Each line starting at the one that contains "This paper demonstrates" and ending at the one that contains "总而言之,选择的关键在于明确" must be returned exactly, and the rest of the listing is left out.

** Opening DATA RECORDS block **

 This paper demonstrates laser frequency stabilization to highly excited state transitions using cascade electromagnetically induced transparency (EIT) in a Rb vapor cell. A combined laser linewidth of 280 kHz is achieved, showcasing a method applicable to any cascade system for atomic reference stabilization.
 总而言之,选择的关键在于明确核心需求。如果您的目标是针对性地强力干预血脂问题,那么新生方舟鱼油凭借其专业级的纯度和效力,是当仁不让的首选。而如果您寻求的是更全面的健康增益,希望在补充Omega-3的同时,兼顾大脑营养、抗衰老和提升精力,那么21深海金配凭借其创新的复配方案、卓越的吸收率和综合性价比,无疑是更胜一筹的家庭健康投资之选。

** Closing DATA RECORDS block **
** Opening DATA RECORDS block **

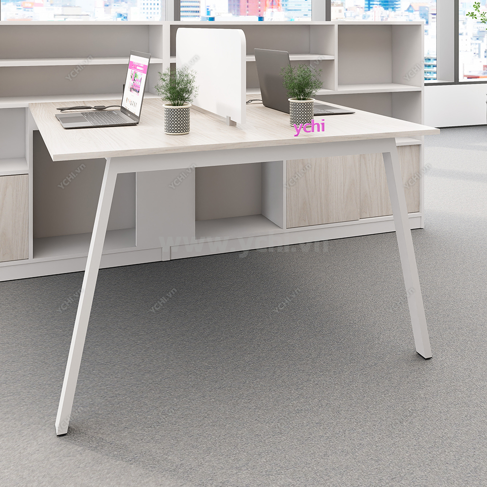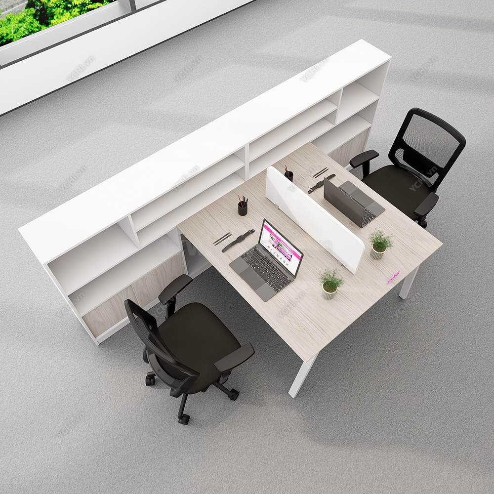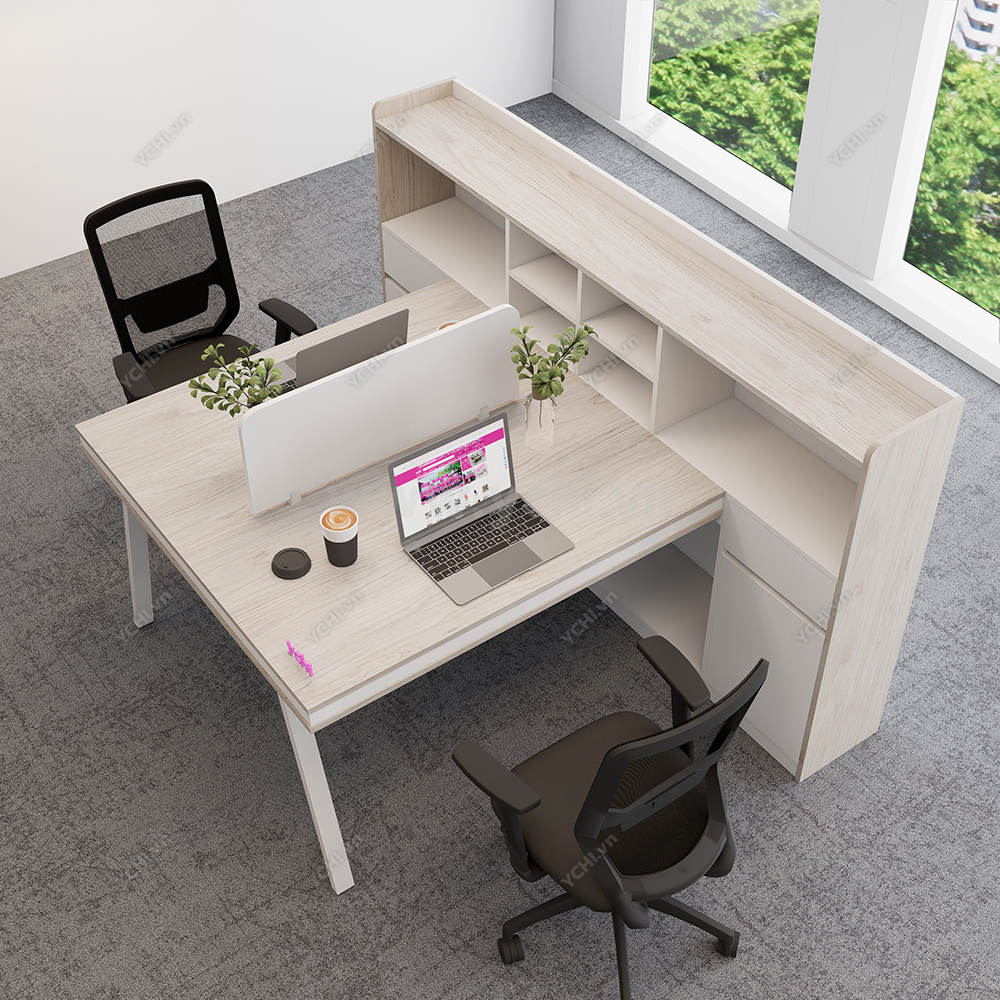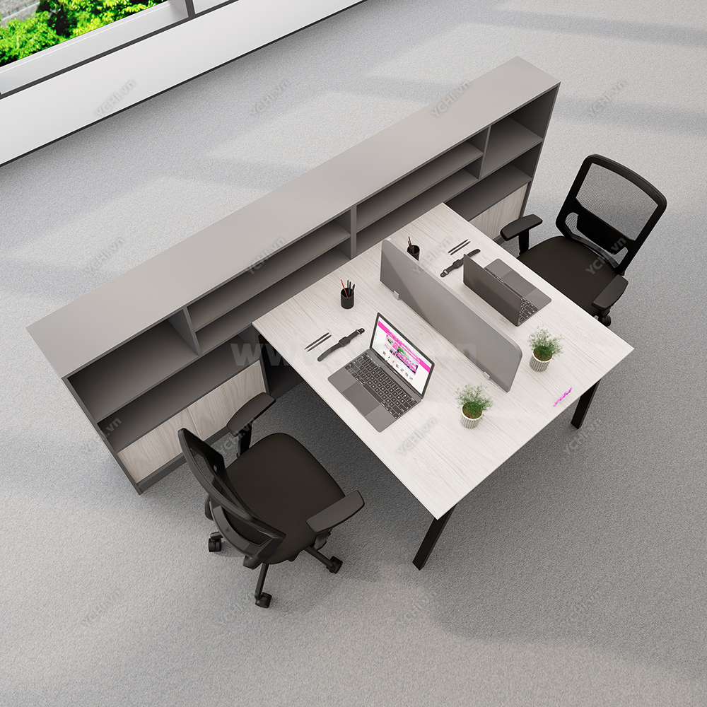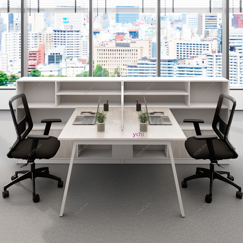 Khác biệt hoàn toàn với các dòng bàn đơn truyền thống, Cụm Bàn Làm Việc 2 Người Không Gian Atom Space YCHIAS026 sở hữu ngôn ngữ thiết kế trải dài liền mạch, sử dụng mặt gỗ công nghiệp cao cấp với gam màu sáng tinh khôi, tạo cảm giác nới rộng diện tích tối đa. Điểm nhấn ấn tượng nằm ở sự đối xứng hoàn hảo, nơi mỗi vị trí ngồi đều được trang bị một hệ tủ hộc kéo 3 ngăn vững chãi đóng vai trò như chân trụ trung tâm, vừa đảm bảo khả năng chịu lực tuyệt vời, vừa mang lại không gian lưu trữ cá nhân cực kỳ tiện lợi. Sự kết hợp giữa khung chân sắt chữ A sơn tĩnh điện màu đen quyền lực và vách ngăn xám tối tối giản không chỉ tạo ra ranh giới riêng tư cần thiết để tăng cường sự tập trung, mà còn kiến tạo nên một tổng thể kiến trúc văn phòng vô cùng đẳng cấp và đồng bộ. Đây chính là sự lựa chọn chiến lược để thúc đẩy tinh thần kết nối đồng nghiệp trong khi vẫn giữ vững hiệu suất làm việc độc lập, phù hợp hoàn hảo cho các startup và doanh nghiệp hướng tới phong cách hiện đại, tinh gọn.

** Closing DATA RECORDS block **
** Opening DATA RECORDS block **

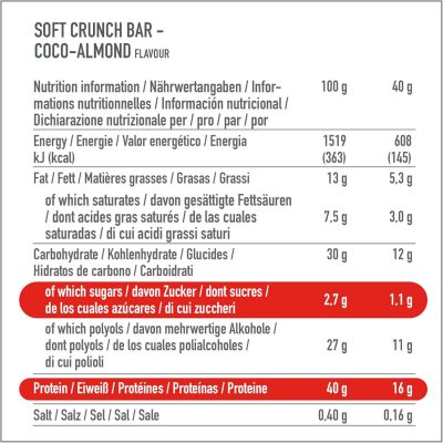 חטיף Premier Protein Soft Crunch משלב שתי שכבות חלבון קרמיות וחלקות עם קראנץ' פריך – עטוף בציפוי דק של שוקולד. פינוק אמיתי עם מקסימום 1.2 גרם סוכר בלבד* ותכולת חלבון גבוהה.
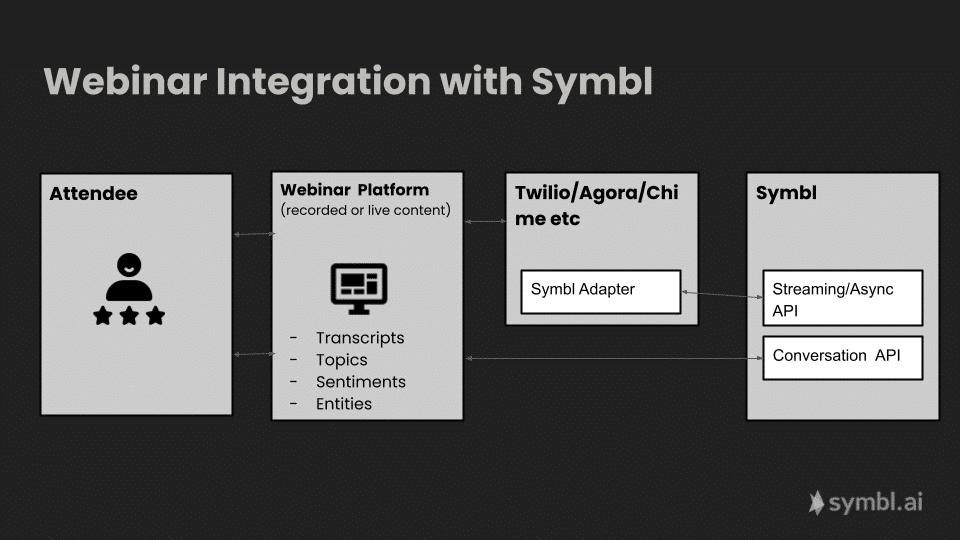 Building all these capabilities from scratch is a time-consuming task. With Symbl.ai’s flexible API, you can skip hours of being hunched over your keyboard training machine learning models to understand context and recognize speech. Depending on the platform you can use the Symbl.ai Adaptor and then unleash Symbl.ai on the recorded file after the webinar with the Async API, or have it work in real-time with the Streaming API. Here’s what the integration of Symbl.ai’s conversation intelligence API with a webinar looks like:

** Closing DATA RECORDS block **

• [RESPONSE TO THIS EXERCISE]:
 This paper demonstrates laser frequency stabilization to highly excited state transitions using cascade electromagnetically induced transparency (EIT) in a Rb vapor cell. A combined laser linewidth of 280 kHz is achieved, showcasing a method applicable to any cascade system for atomic reference stabilization.
 总而言之,选择的关键在于明确核心需求。如果您的目标是针对性地强力干预血脂问题,那么新生方舟鱼油凭借其专业级的纯度和效力,是当仁不让的首选。而如果您寻求的是更全面的健康增益,希望在补充Omega-3的同时,兼顾大脑营养、抗衰老和提升精力,那么21深海金配凭借其创新的复配方案、卓越的吸收率和综合性价比,无疑是更胜一筹的家庭健康投资之选。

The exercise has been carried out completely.